Saya untuk pertama kali mendengar nama Dahlan Iskan dari guru saya Prof Qodri Azizy (almarhum). Beliau bercerita memiliki kawan yang sangat energik, visioner, dan mengendarai mobil sendiri. orangnya tegas, bos Harian Jawa Pos. sejak itu, saya mengikuti sepak terjang pak Dahlan Iskan.
Suatu waktu saya ada undangan kuliah umum di IAIN Raden Intan, Lampung. Siang itu, saya naik Sriwijaya. Kebetulan, sebelum turun dari pesawat ada sosok yang unik di mata saya. ia berdiri paling depan sambil memegang hand phone dan sesekali melirik jam tangan dan kelihatan tidak sabaran menunggu untuk segera turun. Saya memberanikan diri untuk menyapanya: Pak Dahlan Iskan. Dan beliau mengangguk, sambil saya memperkenalkan diri bahwa saya salah seorang staf di Kementerian Agama. Beliau langsung saja berkomentar: saya punya kawan yakni Prof Nasaruddin Umar. Sewaktu saya dari Iran, saya memnghadiahi Mushhaf al-Qur'an versi Iran, sambil beliau menuruni tangga pesawat.
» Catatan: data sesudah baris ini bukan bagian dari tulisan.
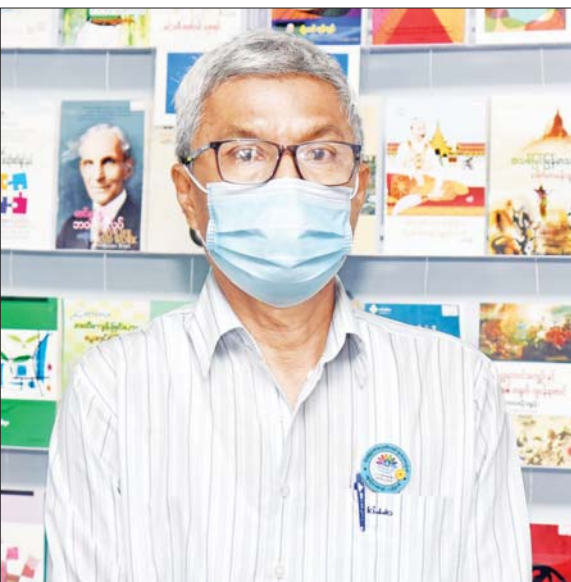
ဦးရဲတင့် (ဒုတိယ ဝန်ကြီး ပြန်ကြားရေး ဝန်ကြီးဌာန)

များများက ပြခန်းတိုင်းကို စိတ်ဝင်စားကြတယ်။ ပညာရေးပြခန်းမှာလည်း စက်ပစ္စည်းကိရိယာတွေရှိတယ်။ သိပ္ပံနဲ့ နည်းပညာပြခန်းကိုလည်း အများစိတ်ဝင်စားကြတယ်။ လေကြောင်း၊ ရေကြောင်းပြခန်းတွေကိုလည်း စိတ်ဝင်စားကြတယ်။ ပြခန်းတွေအားလုံးကို စည်စည်ကားကားနဲ့ ဝိုင်းဝန်းပြီး ကြည့်ရှုကြတာ တွေ့ပါတယ်။ အလားတူပဲ ဖျော်ဖြေတဲ့နေရာမှာလည်း အားပေးကြ
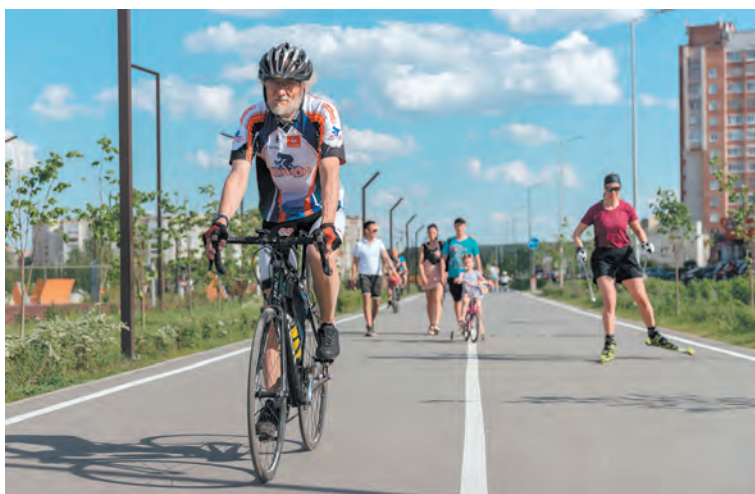
Набережная Газовиков с момента открытия стала излюбленным местом отдыха горожан всех возрастов и импульсом для развития новых увлечений здорового образа жизни.

ников Республики Коми мы будем вновь проводить скульптурный симпозиум. В первый раз мастера работали с мрамором. Сейчас это будут иные материалы, другая концепция, ближе к тем архитектурным формам, которые уже реализованы на набережной Газовиков.
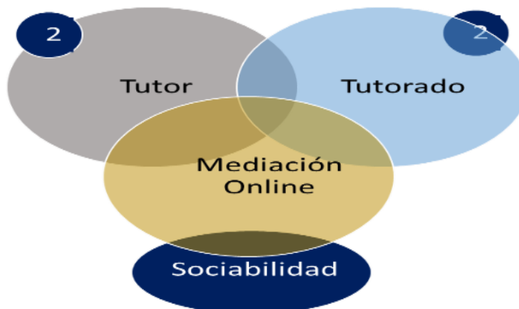
Infografía N° 2. Sujetos de Estudio.

Compleción ilustrativa, dirigida al análisis de la integración simbólica entre el tutor, tutorado y los componentes virtuales, ofrecidos por las aplicaciones empleadas en la gestión del conocimiento, entendiendo las nuevas formas en que se gestan las producciones intelectuales, por cuanto, se busca comprender los conexos de sociabilidad que surgen durante los procesos tutoriales en entornos virtuales, bajo un enfoque netnográfico en la construcción epistémica de estudiantes de Postgrado de la Universidad Nacional Abierta, Centro Local Portuguesa. Para su concreción, se obtendrá vigencia desde las voces de los sujetos de estudio, estando conformada por dos (2) estudiantes de postgrado, específicamente en la Maestría de Educación Abierta y a Distancia (uno en fase de construcción de su Trabajo de Grado y otro que lo haya defendido) y sus dos (2) tutores.
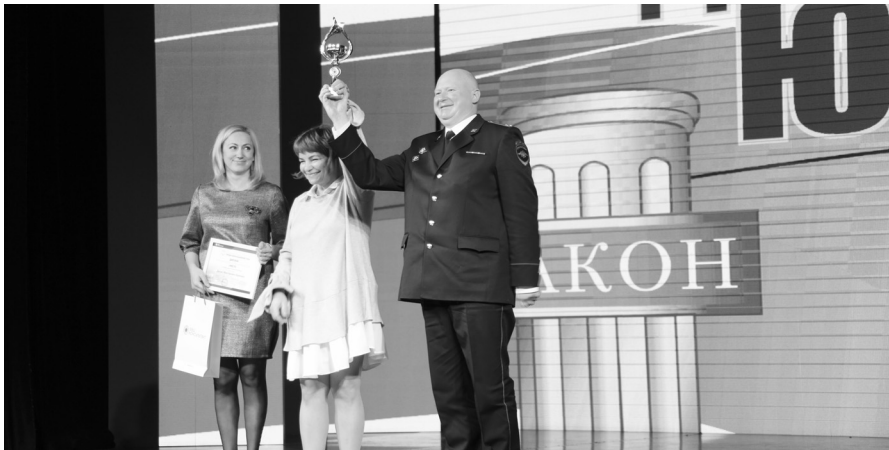
Награждение финалистов I Крымского регионального конкурса «Профессиональный юрист» в 2018 году.
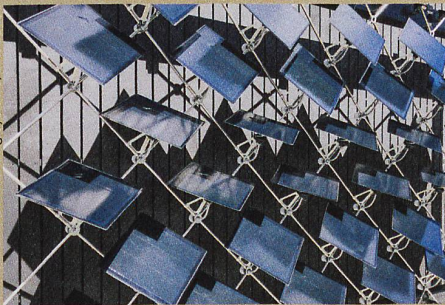
Wie eine Sonnenblume: Die beweglichen Fotovoltaikelemente richten sich nach der Sonne aus.

B. Svetozevic et al.: Dynamic photovoltaic building envelopes for adaptive energy and comfort management. Nature Energy (2019).
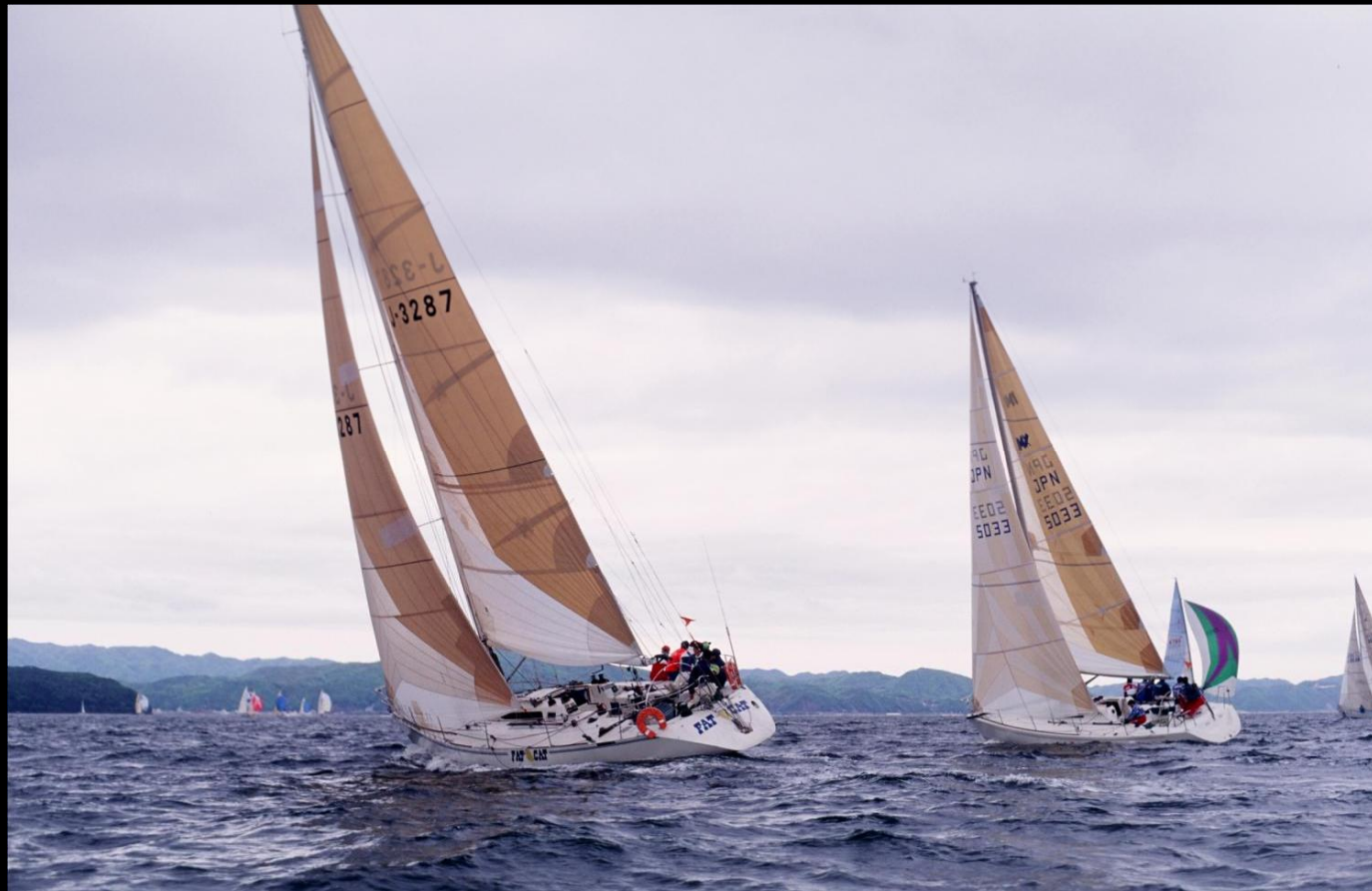
「デッドヒート」 クローズホールドで競い合う2艇。

Dahlan Iskan adalah seorang entrepreneur sejati. Ia berlatar
belakang pendidikan yang tidak tamat kuliah. Orang tuanya seorang petani
penggarap. Cita-citanya sejak kecil hanya ingin membeli sepeda. Karena kalau
berangkat sekolah, ia berjalan kaki, dan kalau meminta boncengan, temannya
keberatan.
Ia terkenal energik dan inspiratif. Kalau bicara to the point. Ia memiliki prinsip Corparate Governance. Dalam memilih
karyawan, ia berprinsip: the right men on
the right place. Ia juga dikenal sebagai man of action, manusia pekerja keras.
Di kalangan teman-teman wartawan, ia dijuluki sebagai maverick style. Orang yang keluar dari
pakem-pakem dunia bisnis pada umumnya.
Dalam menjalankan bisnisnya, ia mengandalkan intuisi, feeling. Dalam memilih karyawan atau
memberi tugas kepada orang, ia melihat rapi, pelit, cerewet, peduli pada
masalah-masalah sepele.
Dahlan Iskan, meskipun sudah kaya dan hidup berkecukupan,
dan telah menduduki posisi penting sebagai Direktur Utama PLN, dan sekarang
sebagai Menteri BUMN, ia tetap bersahaja. Ia tetap setia dengan memakai baju berlengan
panjang, biasa juga dilibat setengah lengan, memakai sepatu keds. Bahkan suatu
waktu ketika ia mengikuti RDP di DPR, ia menyelipkan air mineral di balik
jaketnya.
Ia terkesan terburu-buru, takut tersergap oleh berlalunya
waktu. Ia unik dan biasa nyeleneh.
Membaca Dahlan Iskan, saya teringat Culture matters, Samual Huntington dan Lawrence Harrison ( Harvard
University, 1999). Kita harus menjadi bangsa memiliki Culture matters, kerja keras, hemat, bekerja tuntas, tahu pegang
uang, dan dapat bersinergi. Ini adalah budaya progresif, seperti orang Korea
Selatan. Tidak berbudaya pasif seperti bangsa Ghana. Pada tahun 1960-an kedua
bangsa ini sama posisi ekonominya. Tapi, sekarang Korea selatan lebih unggul.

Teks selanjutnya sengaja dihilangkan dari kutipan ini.